Mi amante me recogía en
su coche a la salida del trabajo. Tenía los ojos pequeños y negros
como canicas. Con esos ojos me recordaba a una hiena. Era
alto, más bien largo, de hombros escurridos y labios casi
inexistentes. Cuando besaba su lengua parecía una tuerca
enroscándose a la fuerza.
No fui diligente al
elegir a mi amante. Realmente no lo he sido para muchas cosas en mi
vida, para esta tampoco lo fui. Puede que simplemente él me eligiera
a mí y yo me dejara llevar. Nunca había tenido un amante y no creo
que vuelva a tenerlo. Por eso me fastidia más mi falta de
diligencia.
Él tenía diez años más
que yo, que por entonces no llegaba a los treinta. Ahora que ha
pasado el tiempo puede que haya llegado a comprender algunas cosas de
él, de cómo se relacionaba conmigo, de lo que me contaba.
Nos veíamos con
frecuencia pactada. En algún lugar seguro, discreto. Recuerdo que
una vez mi amante, después de recogerme puntual como siempre,
condujo hasta el final de una calle oscura, en un polígono, y un
poco nervioso me pidió que se la chupara. Casi me lo rogó. Sabía
cuál era nuestro trato. Creo que trataba de forzarlo, tentar los
límites, como los niños. Eso fue al principio.
No sé si él tenía
otras amantes, no supe con certeza si yo era la única. Por un lado
me parece improbable, dado su gusto por las mujeres. Pero luego me
vienen los recuerdos de muchos encuentros fallidos y no veo cómo
podía tener a más, complacer a más, no sólo por la escasez de
momentos propicios, sino por su propia impericia. Cuando fallaba se
tumbaba con un gruñido, tras susurrarme alguna excusa al oído, como
si eso fuera a cambiar las cosas. Otra vez como un niño pequeño. No
sé si habrá solucionado sus problemas. Cuando fallaba, yo le
ofrecía un cigarro y abría el minibar. Me sentía irritada.

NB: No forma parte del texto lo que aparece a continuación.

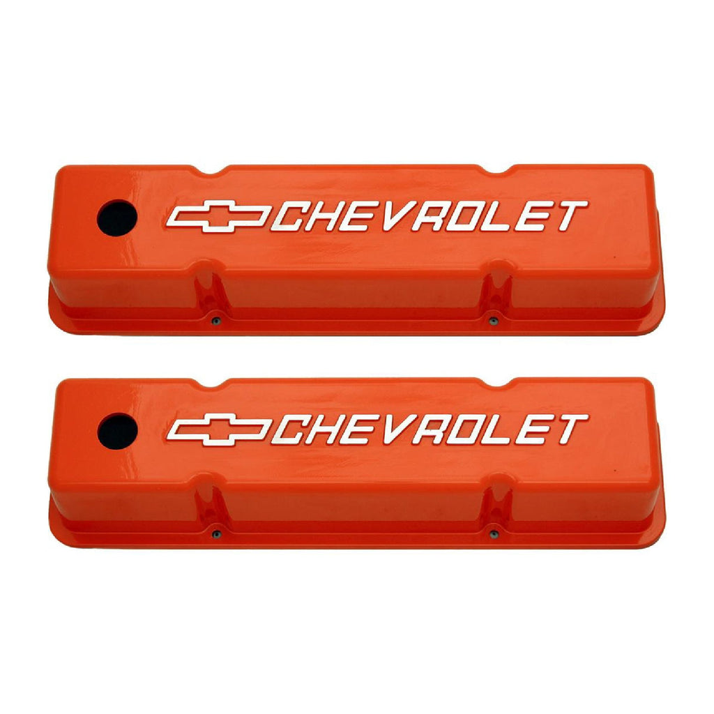 ALUM SB CHEVROLET LOGO TALL VALVE COVERS ORANGE
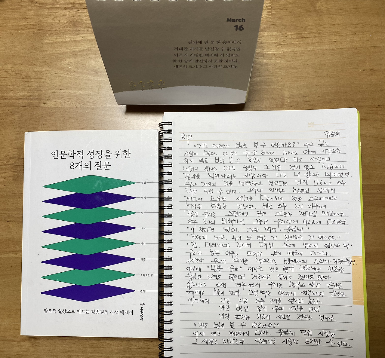 매일 아이들과 인문학 적 글과 책으로 사람이 살아가는 날 좋은 마음과 생각을 찾아가는 일이 좋은 작가님이 쓰신 살아있는 글과 책을 읽고 쓰고 낭송하며 자신이 살아가는 오늘 안에서 질문하고 해야할 일과 생각을 정리할 수 있음이 얼마나 근사한지 일상에서 아무리 흔들리는 바람앞에 서도 잠시 숨을 고르고 영원이라는 역에 도착하는 지성과 함께 하는 끝이 없이 계속되는 가슴 뛰는 인생의 길이니까.

Defraudada. Como si el ridículo fuera algo que se contagiara, que se
extendiera como una mancha a quien estuviera cerca. Le reprochaba en
silencio su avaricia. ¿Cómo se podía exponer a esto? Su mujer
sería más comprensiva.
Puede parecer extraño,
pero casi siempre hablaba de su mujer. Tenían dos hijas pequeñas.
Yo procuraba pensar en otras cosas mientras un sabor agrio me iba
subiendo por la garganta y anulaba por completo mi presencia sexual.
Tenía que taparme, ir al baño, hacer cualquier cosa que quitara de
en medio mi cuerpo desnudo, inapropiado, traicionado por la trivialidad. A veces yo también hablaba. De nadie en
concreto. Nunca mencionaba a mi marido. Comía los cacahuetes y bebía
ginebra. Y él volvía a hablar y me miraba con esos ojos de canica,
girando, chocando con un chasquido seco.
Ahora suelo pasar por la
calle donde está el hotel que frecuentábamos. Miro hacia las
ventanas, que no se podían abrir más que una rendija.
No he olvidado aún el estampado de la colcha. Algunas veces no llegábamos
a abrirla. Mi amante me tumbaba sobre ella y me lo hacía rápido, muy excitado,
escarbando en mi sujetador, toda su energía infiel acumulada en sus
labios de navaja. A mí también me excitaba, llegaba al orgasmo con
facilidad, un orgasmo individual, lacerante. La calle tiene mucho
tráfico, no hay árboles.
Un día simplemente le
dije que ya no nos encontraríamos más. No me costó. Fue una
resolución natural, fisiológica. Él se resistió un poco. Me
sorprendieron algunas de sus palabras, creo que hasta llegó a decir que me
amaba. Me vino a buscar un par de días más al trabajo y lo dejó
estar. No hubo una tercera vez que tuviera que pasar de largo, su
cara estrecha y decepcionada tras el cristal.